__What to work on__:
Exact copies of all the lines below are needed, without the pictures.

__Dataset excerpt__:
%%
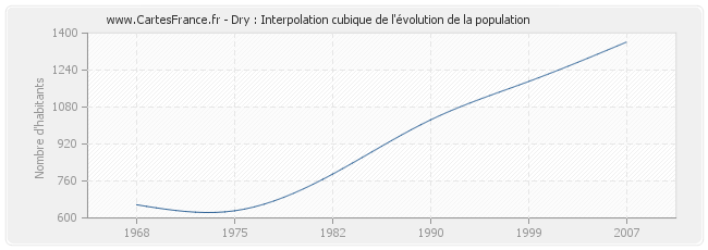 Cette courbe reprend l'historique de la population de Dry de 1968 à 2007 en interpolation cubique. Ceci permet d'obtenir plus précisément la population de la commune de Dry les années ou aucun recensement n'a été effectué.
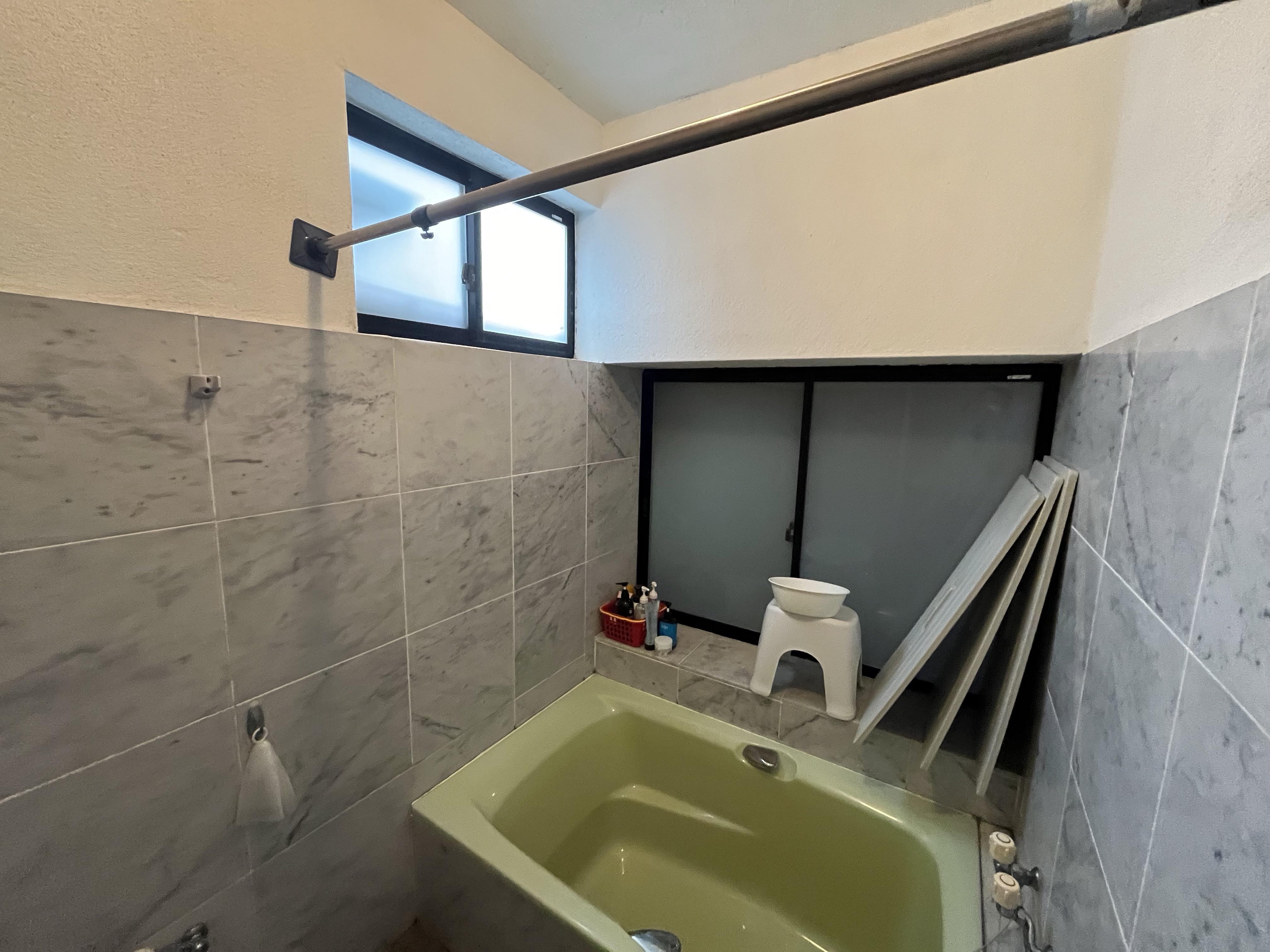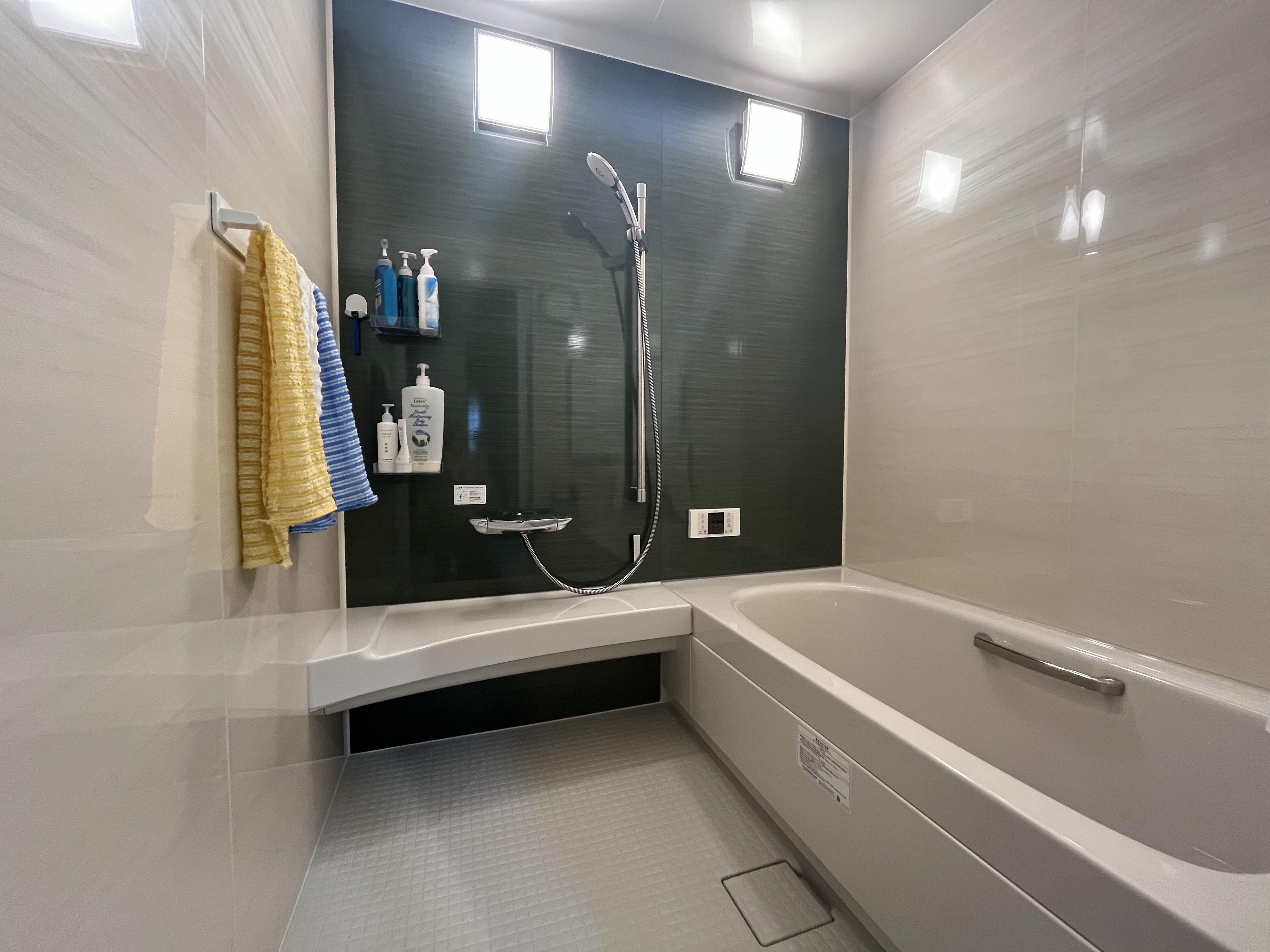 大きな浴室は不要とのことでしたので、1.25坪の在来浴室から、少し小さい1618のユニットバスへ入替えました。天井壁床まるごと保温のユニットバスで寒さ対策もバッチリです。(ユニットバス:スパージュBXタイプ)縮小したスペースは隣の物干し場から使う収納棚へ有効活用しました。
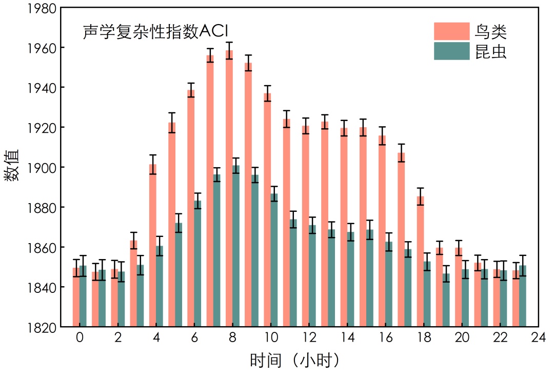麻雀 大山雀 鹊鸲 上海常见的鸟类(郑运祥 摄影) 市中心:中山公园奏响“四季交响曲” 春 气温渐渐回暖,清晨的公园里,白头鹎的清脆鸣叫与蜂类的嗡嗡声交织,仿佛一场“自然晨会”。 夏 蝉鸣与雨声合奏,鸟类在晨昏的活跃度达到顶峰,生物声学指数在全年最高。 秋 候鸟迁徙,鸟儿声音渐弱,虫鸣逐渐成了主场。深夜里,蟋蟀的振翅声为公园增添几分清凉与诗意。 冬 人为噪音“霸屏”,交通声盖过了稀疏的鸟鸣,但偶尔也能听到麻雀的短促啁啾。 中山公园声景日变化与季变化 近郊森林:金海湿地公园上演“双峰模式” 金海湿地公园里的自然协奏曲藏着独特的节奏。清晨6点和傍晚4点,鸟鸣声会形成两个高峰,这与鸟类“晨练”和“晚归”的集体鸣唱有关。 夏季,湿地蛙鸣加入合奏,丰富了声音元素,使得生物声学指数甚至超过了同期的中山公园。 金海湿地公园声景“双峰模式” 远郊森林:崇明林间开启“夜间音乐会” 崇明岛的声景以自然声音为主。夏季夜晚,昆虫尤为活跃,昆虫的振翅声与鹭鸟的低鸣声交织,形成独特的“月半小夜曲”。 有趣的是,崇明林地鸟类和昆虫活跃度全天均衡,白天“哒哒”的啄木声、傍晚的群鸟归巢声与晚风中的虫鸣,共同谱写着大自然的和谐韵律。 崇明生态片林声景日变化 纺织娘 日本条螽 云斑金蟋 素色似织螽 上海常见的鸣虫(郑运祥 摄影) 从市中心到远郊,我们发现自然声音越丰富的区域,往往人工噪声较少,鸟类和昆虫鸣声多样性越丰富,合奏声音也越舒缓。人工噪音较高的区域,鸟类会通过“提高嗓门”或改变鸣叫频率来适应环境,以此应对噪声负面影响,维持种群的繁衍能力。 听见未来:让城市与自然“共鸣” 树木在夜晚悄悄生长,动物用鸣声谱写生命乐章。这些自然的细节在提醒我们,森林不仅能被看见,也可以被聆听。 “世界赠予我虫鸣,也赠予我雷霆……” 亲爱的朋友,你有多久没有留心这些自然声音了? “停一停,等一等,别匆匆。” 适时放慢脚步,来公园林地“充电”、享受美景吧。同时,也别忽视了耳边的鸟啼虫鸣,这些来自大自然的白噪音,能帮助我们深度放松、疗愈身心! 森林之美,生生不息。森林赠予我们的,皆是生命的礼赞。 让我们从聆听开始,守护城市森林里的“声音宝藏”,为下一代留下更生动的自然乐章。
%%
__Solution__:
 Cette courbe reprend l'historique de la population de Dry de 1968 à 2007 en interpolation cubique. Ceci permet d'obtenir plus précisément la population de la commune de Dry les années ou aucun recensement n'a été effectué.
 大きな浴室は不要とのことでしたので、1.25坪の在来浴室から、少し小さい1618のユニットバスへ入替えました。天井壁床まるごと保温のユニットバスで寒さ対策もバッチリです。(ユニットバス:スパージュBXタイプ)縮小したスペースは隣の物干し場から使う収納棚へ有効活用しました。
麻雀 大山雀 鹊鸲 上海常见的鸟类(郑运祥 摄影) 市中心:中山公园奏响“四季交响曲” 春 气温渐渐回暖,清晨的公园里,白头鹎的清脆鸣叫与蜂类的嗡嗡声交织,仿佛一场“自然晨会”。 夏 蝉鸣与雨声合奏,鸟类在晨昏的活跃度达到顶峰,生物声学指数在全年最高。 秋 候鸟迁徙,鸟儿声音渐弱,虫鸣逐渐成了主场。深夜里,蟋蟀的振翅声为公园增添几分清凉与诗意。 冬 人为噪音“霸屏”,交通声盖过了稀疏的鸟鸣,但偶尔也能听到麻雀的短促啁啾。 中山公园声景日变化与季变化 近郊森林:金海湿地公园上演“双峰模式” 金海湿地公园里的自然协奏曲藏着独特的节奏。清晨6点和傍晚4点,鸟鸣声会形成两个高峰,这与鸟类“晨练”和“晚归”的集体鸣唱有关。 夏季,湿地蛙鸣加入合奏,丰富了声音元素,使得生物声学指数甚至超过了同期的中山公园。 金海湿地公园声景“双峰模式” 远郊森林:崇明林间开启“夜间音乐会” 崇明岛的声景以自然声音为主。夏季夜晚,昆虫尤为活跃,昆虫的振翅声与鹭鸟的低鸣声交织,形成独特的“月半小夜曲”。 有趣的是,崇明林地鸟类和昆虫活跃度全天均衡,白天“哒哒”的啄木声、傍晚的群鸟归巢声与晚风中的虫鸣,共同谱写着大自然的和谐韵律。 崇明生态片林声景日变化 纺织娘 日本条螽 云斑金蟋 素色似织螽 上海常见的鸣虫(郑运祥 摄影) 从市中心到远郊,我们发现自然声音越丰富的区域,往往人工噪声较少,鸟类和昆虫鸣声多样性越丰富,合奏声音也越舒缓。人工噪音较高的区域,鸟类会通过“提高嗓门”或改变鸣叫频率来适应环境,以此应对噪声负面影响,维持种群的繁衍能力。 听见未来:让城市与自然“共鸣” 树木在夜晚悄悄生长,动物用鸣声谱写生命乐章。这些自然的细节在提醒我们,森林不仅能被看见,也可以被聆听。 “世界赠予我虫鸣,也赠予我雷霆……” 亲爱的朋友,你有多久没有留心这些自然声音了? “停一停,等一等,别匆匆。” 适时放慢脚步,来公园林地“充电”、享受美景吧。同时,也别忽视了耳边的鸟啼虫鸣,这些来自大自然的白噪音,能帮助我们深度放松、疗愈身心! 森林之美,生生不息。森林赠予我们的,皆是生命的礼赞。 让我们从聆听开始,守护城市森林里的“声音宝藏”,为下一代留下更生动的自然乐章。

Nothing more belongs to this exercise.